А потом я смотрел из кабины своего «Раптора», как разбегается по взлетной полосе наш «Авакс». Я помнил предсказание Опевы и следил внимательно. И когда этот огромный самолет, уже взлетев над посадочной полосой, вдруг резко сбросил обороты и рухнул на землю, я понял. Я не видел вспышки с такого расстояния, но я понял, что пилоты этого красавца, оказались умнее меня и воспользовались открывшейся дверью. Тем самым путем Опевы.
Из-за этой катастрофы «Авакса», мы опоздали со стартом почти на час и чтобы наверстать время, мы получили приказ лететь прямо через воздушное пространство Кубы. Хотя по первоначальному плану должны были идти над морем, в обход острова.
Мы шли несколькими группами на разных курсах, и я слышал истеричные вопли пилотов одной из групп, наткнувшихся на три звена кубинских истребителей. Потерявшие в дальнем бою два самолета кубинцы, все же прорвались на близкие дистанции и навязали нашим «собачью свалку». А в ней у нашего сверхсовременного «Раптора», против уже устаревших русских «Сухих», нет никакого шанса.
Но мне было все равно, что там, один за другим, горят мои вчерашние товарищи. Я в тот момент хотел только одного, чтобы на одном из экранов моего истребителя открылась дверь.

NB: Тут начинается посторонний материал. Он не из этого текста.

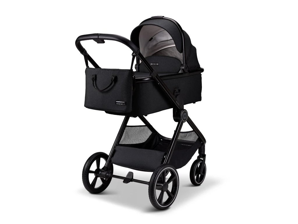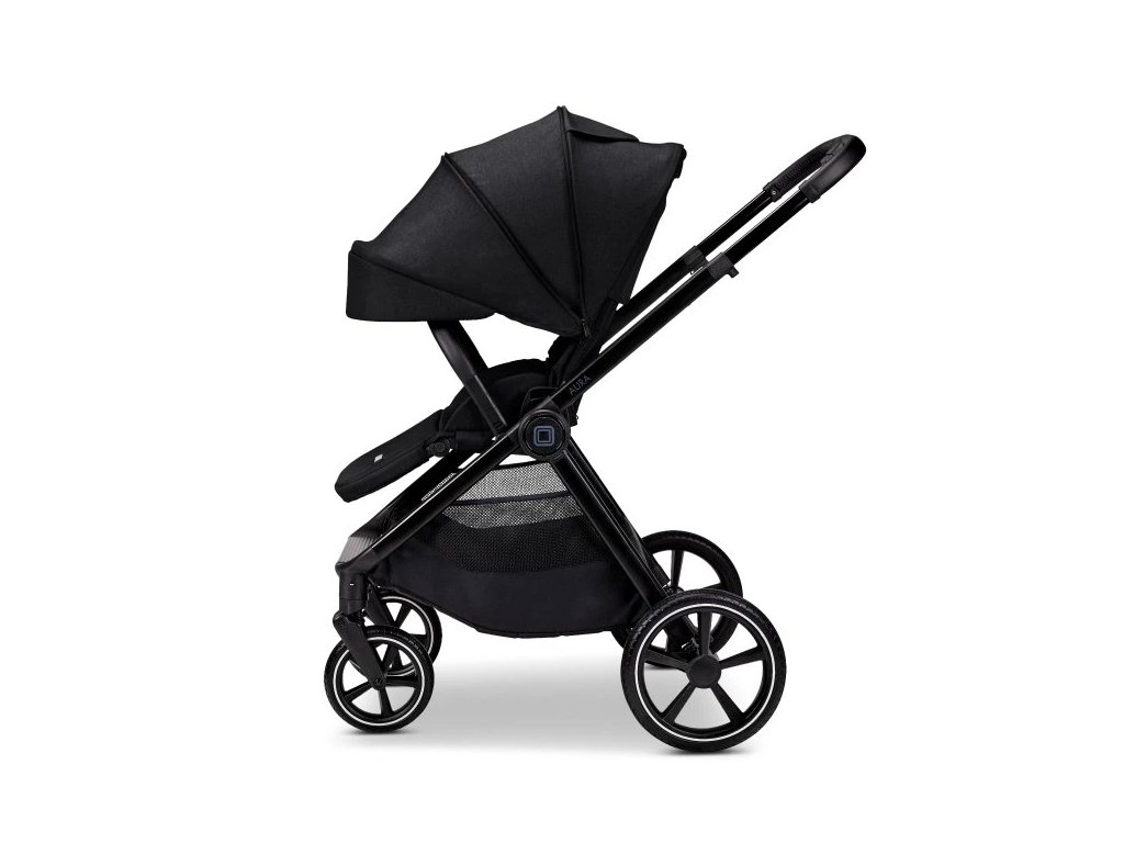 - Praktický a diskrétně integrovaný košík – poskytuje dostatek prostoru pro všechny věci, které potřebujete na cestách, aniž by narušoval celkový design kočárku.

Я не знаю, куда ведет эта самая дверь, но я точно знаю, что жить дальше в этом мире, я не хочу.
А потом мы напоролись на огонь ПВО. Я не знаю, первая ракета меня сбила или десятая. Мне было все равно, я был словно в ступоре. И когда сработало катапультирование, я был все в том же состоянии. Я видел, как разламывается и горит мой самолет. Как маленькие, шустрые ракеты добивают его обломки. Я ничего не соображал, я просто хотел уйти и перед моими глазами стоял образ прекрасной Опевы.
Приземлился я неудачно, прямо в каменный развал на скале. И кажется, сломал себе ногу, а может и обе. Кресло вместе с неприкосновенным запасом лежит где-то в стороне, и у меня нет сил, чтобы доползти до него. Да и зачем? Чтобы продлить свою агонию? Нет уж, моя агония и так длится двадцать девять лет, с самого момента моего рождения. Пора уж ей закончиться. Единственное, о чем я сейчас искренне сожалею, что вылетевший из нагрудного кармана, сотовый телефон Опевы валяется метрах в двух от меня. Я пытался доползти до него, но не смог, слишком много сил отбирает боль, да и ноги не слушаются. Так и лежу сейчас на животе, щекой на острых камешках. В одной руке диктофон, в другой аптечка. В ней еще есть один шприц с болеутоляющим. Второй пустой валяется где-то рядом.